By applying the initial conditions and inverse Laplace transforming, we can obtain the solution x(t) = (1 - cos(2t))u(t-5) + (3 sin(t-5))u(t-5), where u(t) is the unit step function. Therefore, the solution to the initial-value problem is x(t) = (1 - cos(2t))u(t-5) + (3 sin(t-5))u(t-5)
Taking the Laplace transform of the given differential equation x" + 4 = f(t), we obtain the algebraic equation in the Laplace domain: s^2X(s) + 4sX(s) + 4 = F(s), where X(s) is the Laplace transform of x(t) and F(s) is the Laplace transform of f(t).
Next, applying the initial conditions x(0) = 0 and x'(0) = 0, we get X(0) = 0 and sX(0) = 0. Substituting these initial conditions into the Laplace domain equation, we have s^2X(s) + 4sX(s) + 4 = F(s), with X(0) = 0 and sX(0) = 0.
Now, let's consider the Laplace transform of f(t) using the given piecewise function. For [tex]t < 5, f(t) = t^2/5, and for t > 5, f(t) = 3sin(t-5).[/tex]Taking the Laplace transform of f(t) in each interval, we have [tex]F(s) = (1/s^3) + (3/s^2) for t < 5 and F(s) = (3/s^2) * (1/(s^2+1)) for t > 5.[/tex]
Substituting these Laplace transforms into the equation[tex]s^2X(s) + 4sX(s) +[/tex]4 = F(s), we can solve for X(s). Simplifying, we obtain [tex]X(s) = (1/s^3) + (3/s^2) / (s^2 + 4s + 4) + (3/s^2) * (1/(s^2+1)).[/tex]

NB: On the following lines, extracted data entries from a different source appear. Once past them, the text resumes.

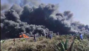 Hasta el cierre de la nota informativa, las autoridades trabajaban en sofocar el incendio y lavar la carpeta de rodamiento.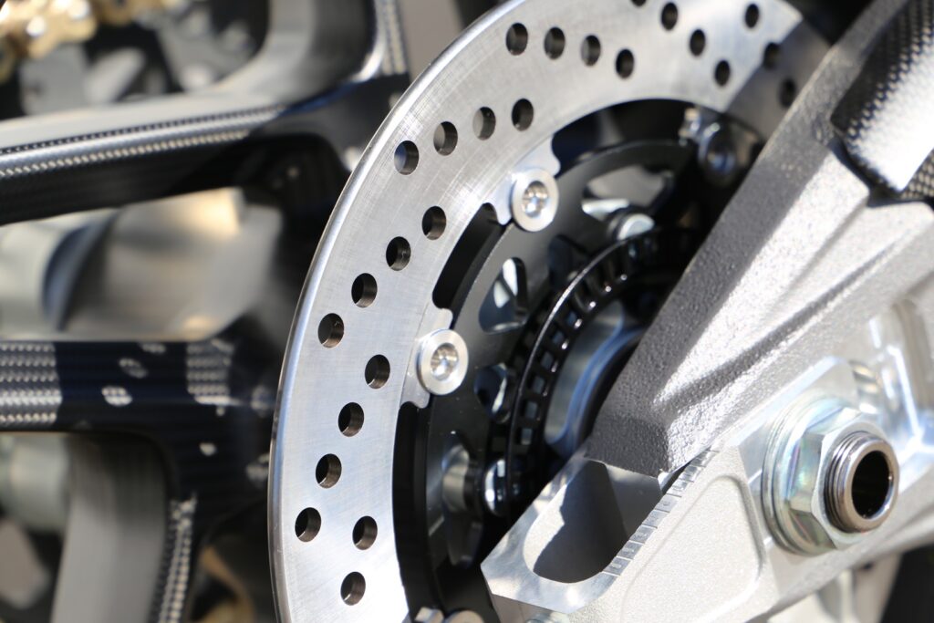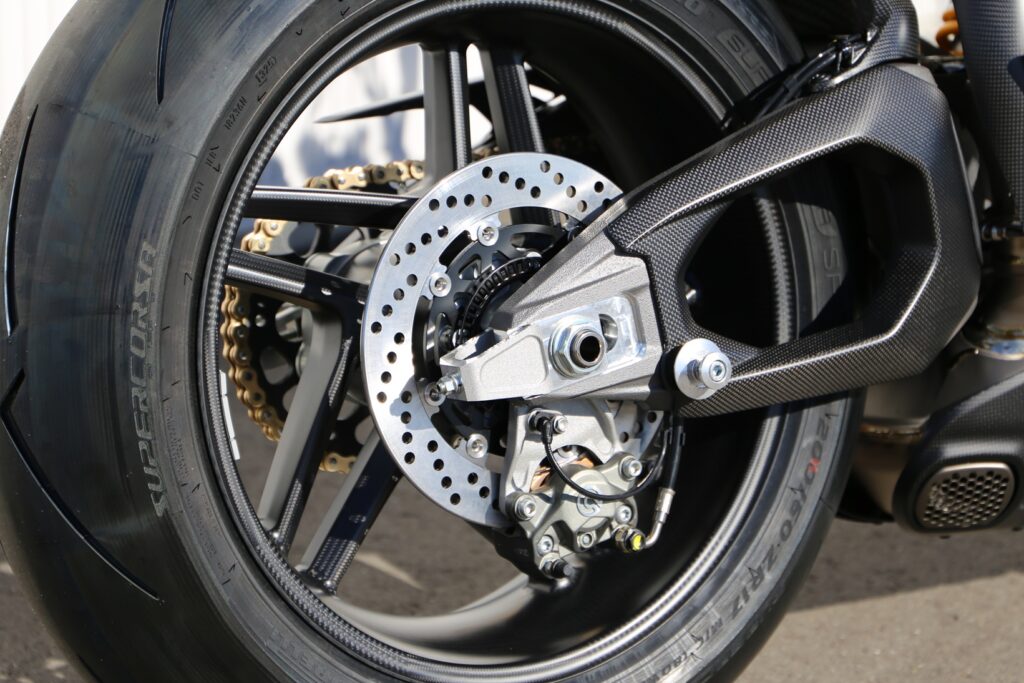 通称7Gと言われる第7世代のパニガーレは、ドゥカティ伝統の片持ちスイングアームを両持ちスイングアームに変更。これに伴いリアブレーキ周りの部品構成が大幅に変わった事で、ノーマルホイールでもフローティングディスクが設計可能になりました。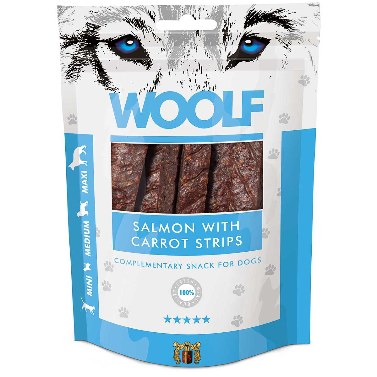 Woolf friandise pour chiens lamelles de saumon avec carottes 100 g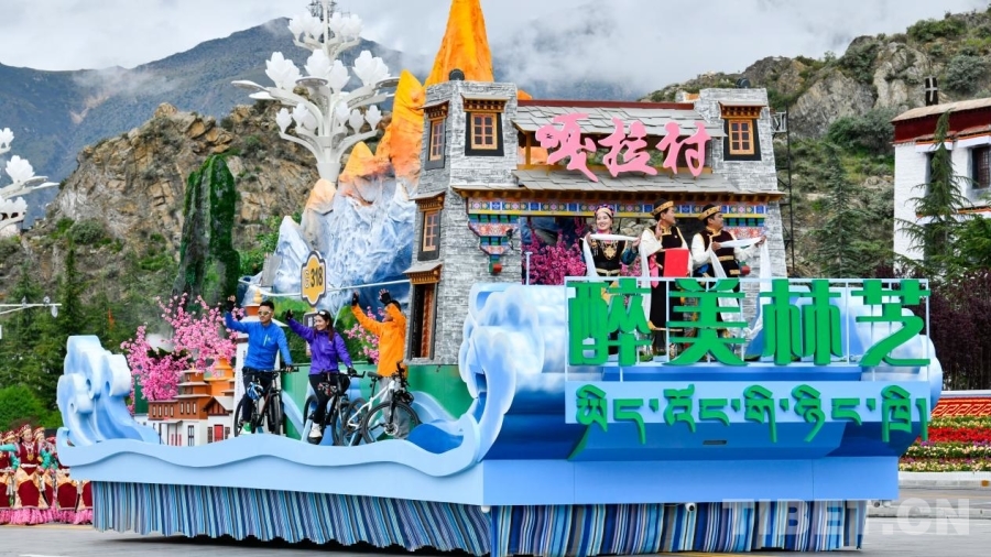 圖為慶祝大會(huì)現(xiàn)場(chǎng)的林芝市彩車(chē) 攝影:趙振宇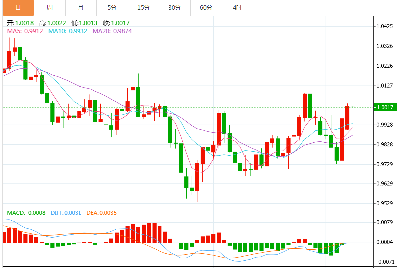 技术上,日图在前期低点0.9700上方录得大阳线后进一步走高,并向上突破100日均线和1.0000平价关口阻力,随机指标倾向进一步走高,仍看涨。4小时图在0.9730一线企稳震荡走高,上行动能维持完好。小时图短期均线向上发散提供支持,关注1.0000一线能否企稳。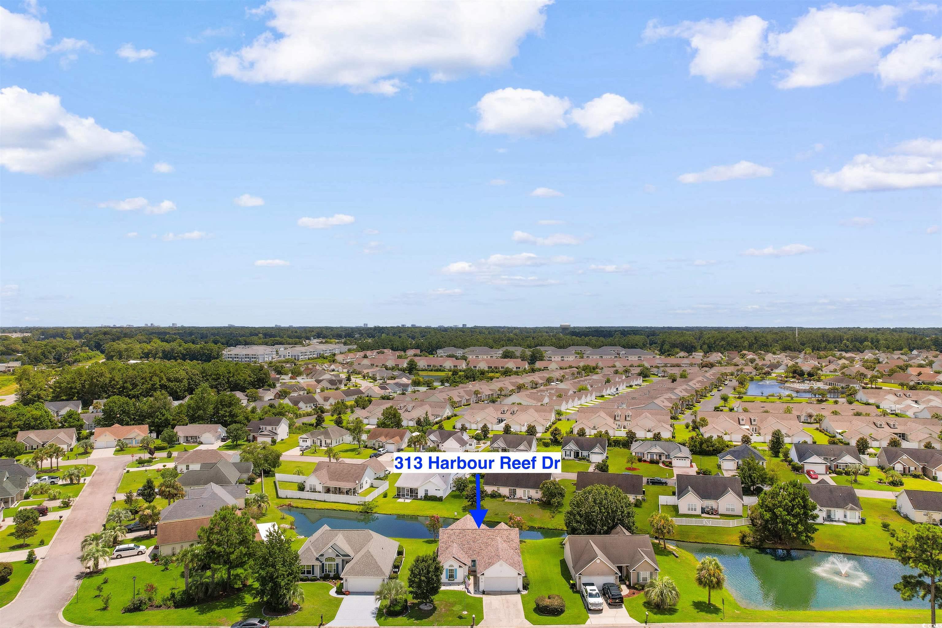 This charming 3-bedroom, 2-bath home offers the perfect blend of comfort, thoughtful updates, and a peaceful pondside settingjust minutes from the beach, Market Common, and a wide range of shopping and dining. Inside, vaulted ceilings and engineered hardwood floors in the main living areas create a warm, open feel, while the kitchen features ample cabinetry and counter space, under-cabinet lighting, a new GE stainless steel refrigerator (12/2023), and a sunlit eat-in dining area. A formal dining room adds even more flexibility for entertaining. The primary suite is a true retreat, featuring vaulted ceilings, a large walk-in closet with attic storage access, and a private en suite bath with a soaking tub. Two additional bedrooms share a second full bathroom with a walk-in shower. These rooms offer flexible space for hosting guests or setting up a home office or hobby area. The enclosed sunroom, overlooking the pond, is perfect for relaxing or entertaining year-round and features new porch screens and tinting (4/2024). Additional highlights include a new roof (10/2021), new AC unit (3/2020), Air Scrubber by ActivePure (2/2025), new washing machine (7/2025), updated fire alarms (2017, with annual battery replacement), fresh air filter (2/2025), and a two-car garage with overhead attic storage. Located in the desirable Peninsula at Palmetto Pointe, this home combines peace, convenience, and pride of ownershipideal as a full-time residence or coastal retreat.

To find the inverse Laplace transform of X(s), we can split it into partial fractions and apply the inverse Laplace transform formula. The solution is x(t) = (1 - cos(2t))u(t-5) + (3 sin(t-5))u(t-5), where u(t) is the unit step function.
Therefore, the solution to the initial-value problem is x(t) = (1 - cos(2t))u(t-5) + (3 sin(t-5))u(t-5), where u(t) is the unit step function that ensures the piecewise function is activated at t = 5.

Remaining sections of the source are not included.